The IFS said there was now a “huge amount of uncertainty” around the UK’s public finances, with the fresh plan unveiled by the Chancellor “likely to push the deficit further above £300 billion, which would be easily the highest as a share of national income since the Second World War”.
But Mr Emmerson warned against attempts to reduce the deficit — the gap between what the government spends and what it takes in in taxes — too quickly, pointing out that extra borrowing was being taken on “at very low interest rates”.
“What matters more for the public finances will be the extent to which the economy manages to bounce-back strongly,” he said.
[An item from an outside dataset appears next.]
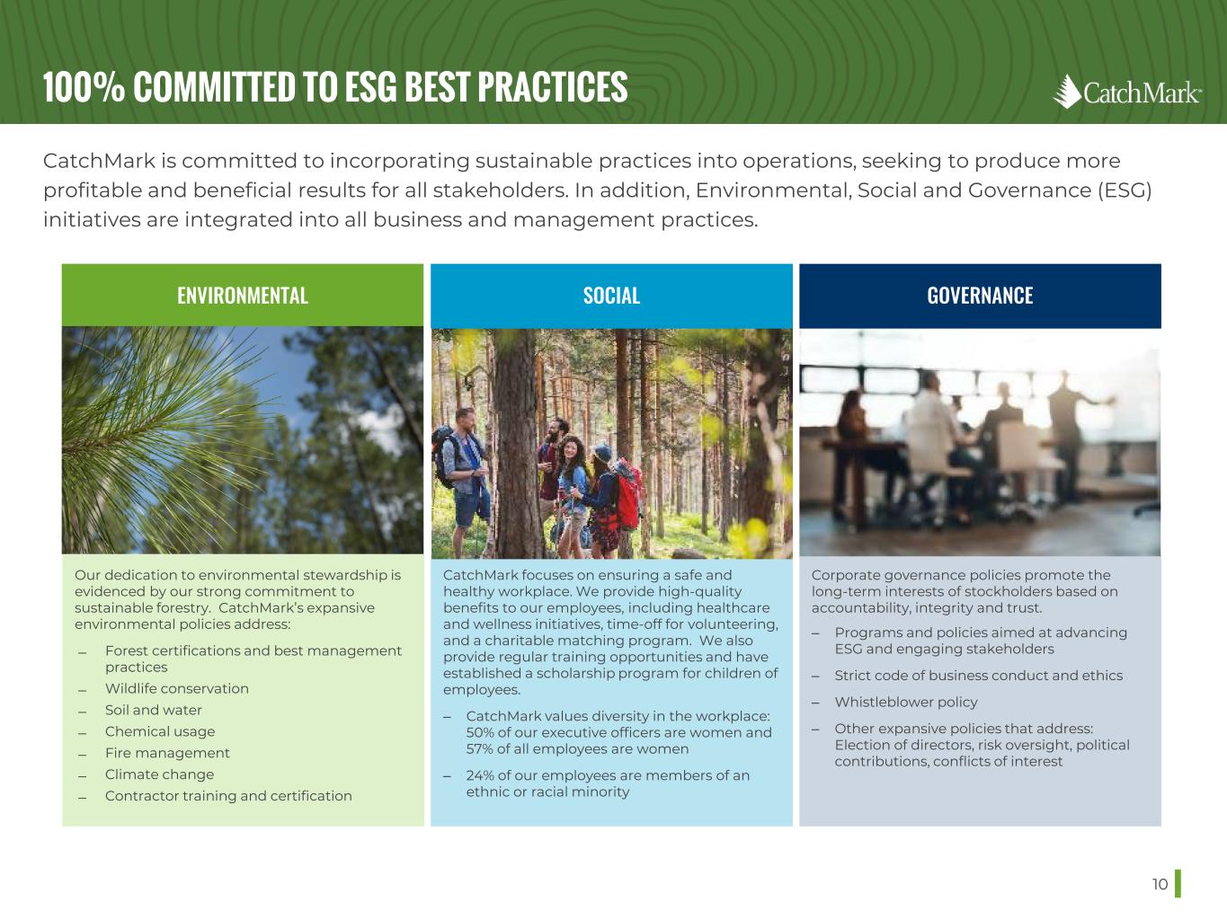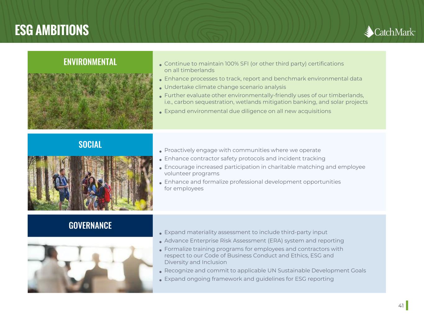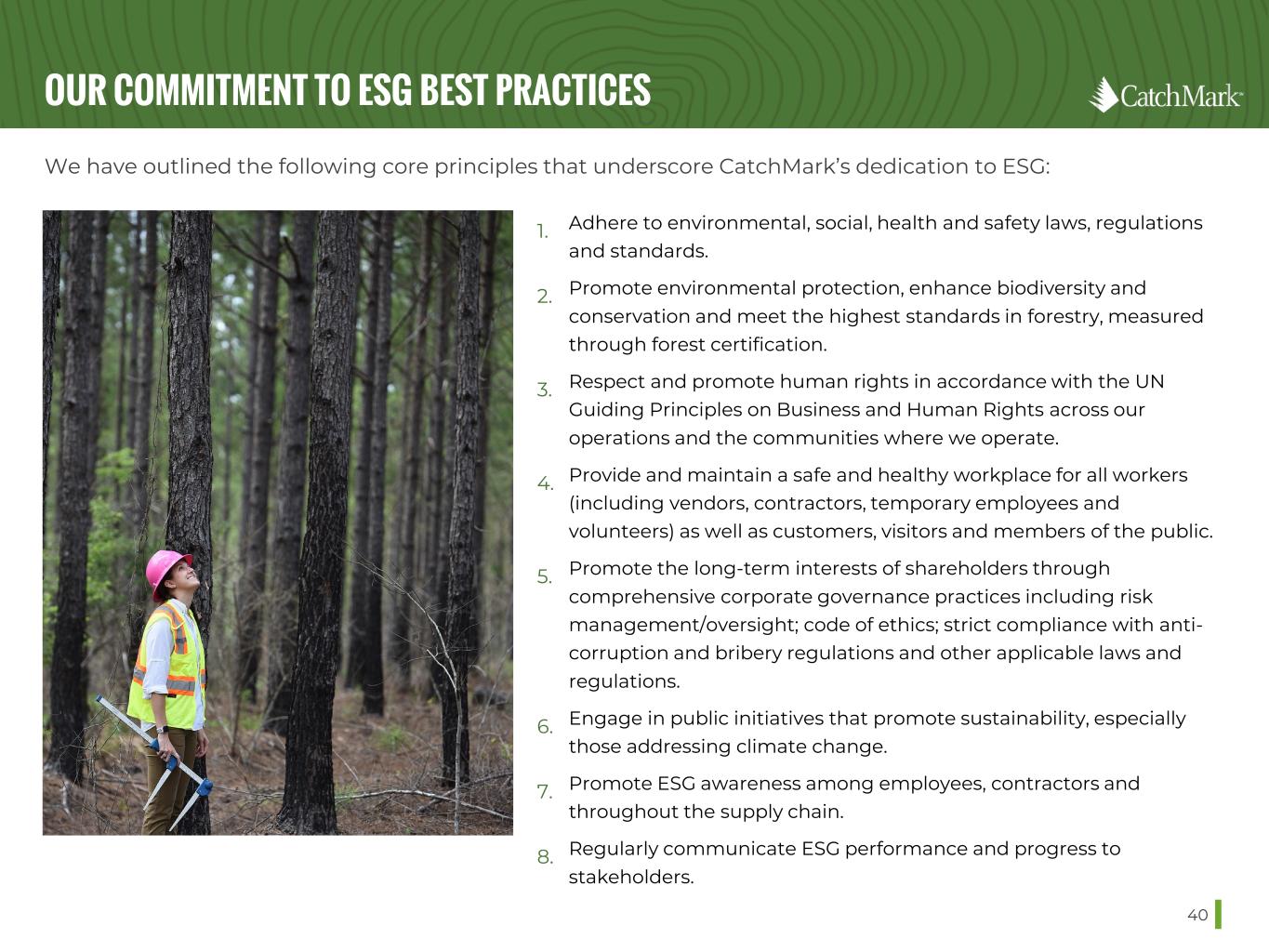 OUR COMMITMENT TO ESG BEST PRACTICES 40 We have outlined the following core principles that underscore CatchMark’s dedication to ESG: 1. Adhere to environmental, social, health and safety laws, regulations and standards. 2. Promote environmental protection, enhance biodiversity and conservation and meet the highest standards in forestry, measured through forest certification. 3. Respect and promote human rights in accordance with the UN Guiding Principles on Business and Human Rights across our operations and the communities where we operate. 4. Provide and maintain a safe and healthy workplace for all workers (including vendors, contractors, temporary employees and volunteers) as well as customers, visitors and members of the public. 5. Promote the long-term interests of shareholders through comprehensive corporate governance practices including risk management/oversight; code of ethics; strict compliance with anti- corruption and bribery regulations and other applicable laws and regulations. 6. Engage in public initiatives that promote sustainability, especially those addressing climate change. 7. Promote ESG awareness among employees, contractors and throughout the supply chain. 8. Regularly communicate ESG performance and progress to stakeholders.
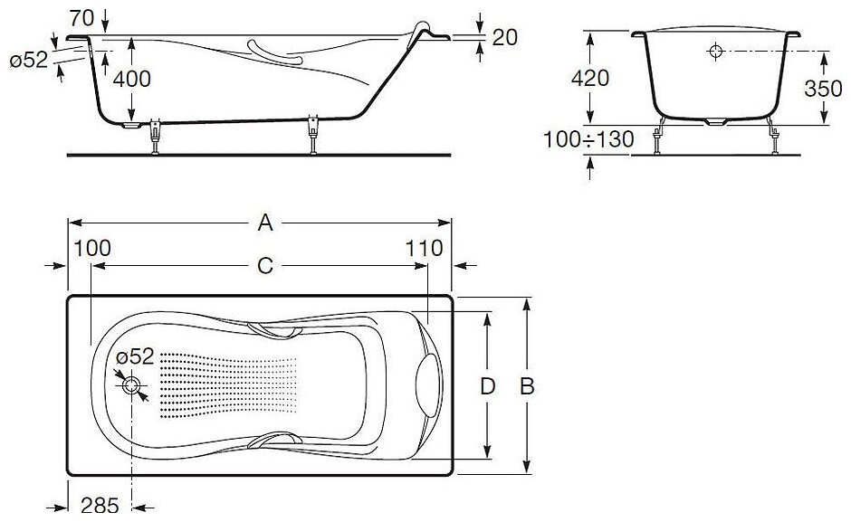 | Дополнительная информация | с отверстиями для ручек; ножки, слив-перелив, ручки, подголовник приобретаются отдельно |

“If – as is likely – the economy does not fully recover then future fiscal events are likely to involve a less pleasant set of announcements over the extent to which taxes need to rise to restore the health of the public finances.
“But those decisions can – and should – be left for another year.”
But the Institute of Economic Affairs, a free-market think tank, questioned the scale of the public spending.
The IEA’s Christopher Snowdon told The Telegraph that the figures for PPE procurement were “eye-watering” and said a “lack of preparation” by health officials had left the UK exposed.
“A global shortage made it inevitable that we would pay over the odds for PPE,” he said.
Meg Hillier, the Labour MP who chairs the Commons Public Accounts Committee, said the Govenrment had “questions to answer” over the fledgling test and trace programme which she warned “won’t be supporting the unlocking of the economy for some time to come”.